### Dataset records
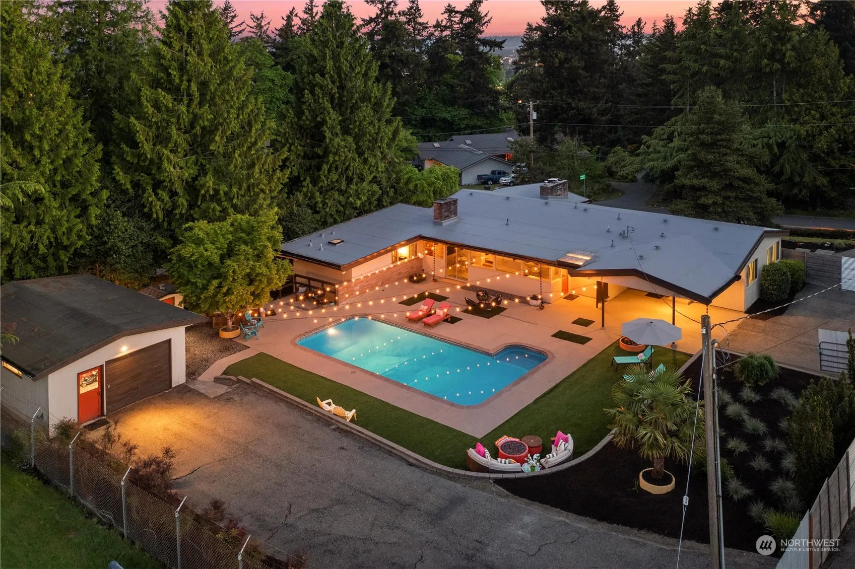 Fire up the BBQ and put on the sunscreen for a swanky summer pool parties at this midcentury modern gem! Inside, marvel at many original details with tasteful modern upgrades. Recently upgraded kitchen looks out to the pool area. New roof, new windows, new insulation and new pool pump among recent improvements. With 3 bedrooms and an office on the main level and an additional 2 bedrooms plus great room on the lower level, there’s flexibility for an ADU or guest suite with separate entrance. The marriage of inside and outside living is perfect for an active lifestyle. Don’t miss this beautifully preserved slice of architectural history. Features a 16,500 sqft lot, detached garage w/shop space & incredible privacy. Inspection upon request
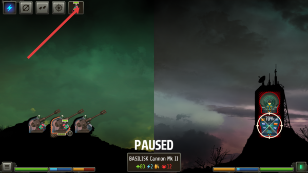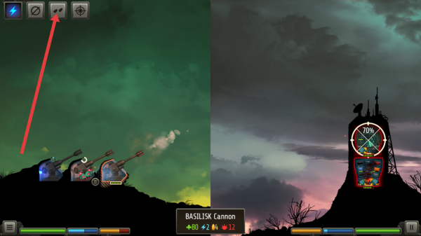 2、查看炮台的操作,对战中点上方技能图标如双边的图标,给对应炮台附加效果,选中炮台,依敌方塔楼位置。
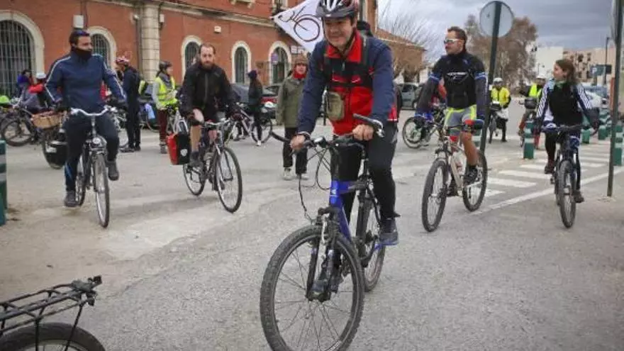 Varios ciclistas iniciando la marcha reivindicativa desde la estación del tren de Alcoy. / juani ruz
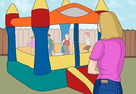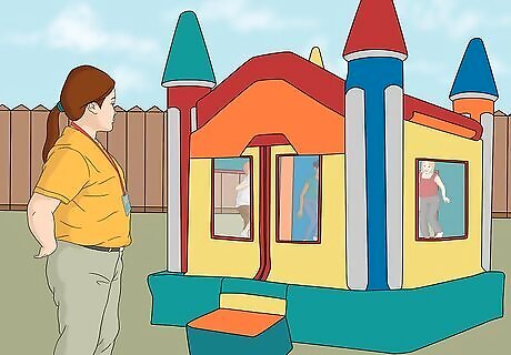 Assign an adult to watch the bounce house. If you rent a bounce house, you may not have an operator on site who works for the company. An adult should monitor the bounce house to make sure kids are using it properly. The adult will also be nearby if an injury occurs. Even if an operator is provided by a company, you should assign an adult to watch the bounce house. This helps provide an extra set of eyes on the children. Remember that bounce houses aren't a distraction so the parents can take a break. You shouldn't just let kids go bounce without any adult supervision. According to most experts, the main reason for bounce house injuries is misuse due to mistakes and lack of supervision. With proper supervision and usage, bounce houses are safe for children.
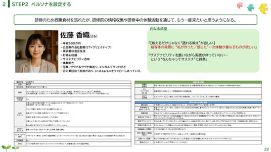 収集した一次情報を元に、生成AIを用いて作成したペルソナとカスタマージャーニーマップの例。従来では1ヵ月以上かかる作業が、実質2~3日程度で作成できた。
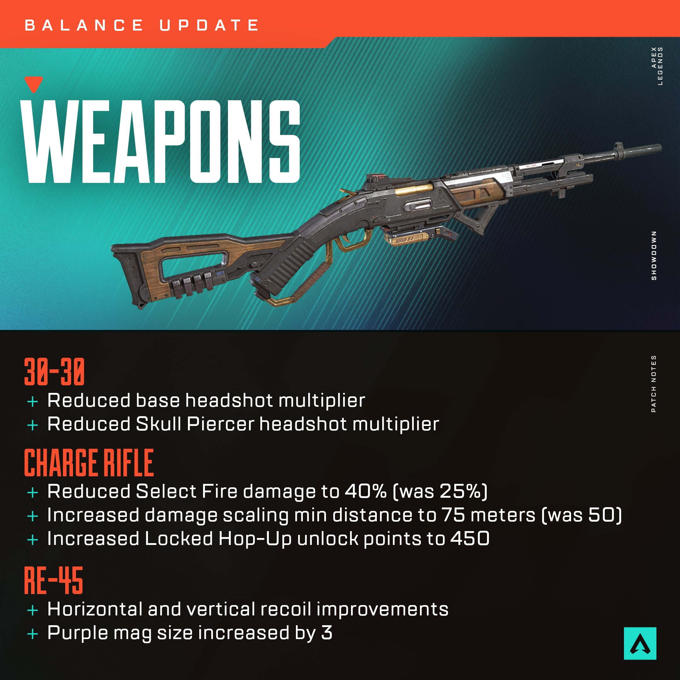 We're rolling out a few more balance changes to weapons today. Our most recent changes to the RE-45 nerfed it a bit more than we liked. So, we've adjusted it to be a bit stronger, but not as strong as the original release. We've also made changes to the Charge Rifle and 30-30. pic.twitter.com/AOhmyLIgS3

### What to produce
Copy the final stretch of the entries exactly: the line containing "2、查看炮台的操作,对战中点" and every line after it through the last. Include no pictures and nothing more.

### Completed exercise
 2、查看炮台的操作,对战中点上方技能图标如双边的图标,给对应炮台附加效果,选中炮台,依敌方塔楼位置。
 Varios ciclistas iniciando la marcha reivindicativa desde la estación del tren de Alcoy. / juani ruz
 Assign an adult to watch the bounce house. If you rent a bounce house, you may not have an operator on site who works for the company. An adult should monitor the bounce house to make sure kids are using it properly. The adult will also be nearby if an injury occurs. Even if an operator is provided by a company, you should assign an adult to watch the bounce house. This helps provide an extra set of eyes on the children. Remember that bounce houses aren't a distraction so the parents can take a break. You shouldn't just let kids go bounce without any adult supervision. According to most experts, the main reason for bounce house injuries is misuse due to mistakes and lack of supervision. With proper supervision and usage, bounce houses are safe for children.
 収集した一次情報を元に、生成AIを用いて作成したペルソナとカスタマージャーニーマップの例。従来では1ヵ月以上かかる作業が、実質2~3日程度で作成できた。
 We're rolling out a few more balance changes to weapons today. Our most recent changes to the RE-45 nerfed it a bit more than we liked. So, we've adjusted it to be a bit stronger, but not as strong as the original release. We've also made changes to the Charge Rifle and 30-30. pic.twitter.com/AOhmyLIgS3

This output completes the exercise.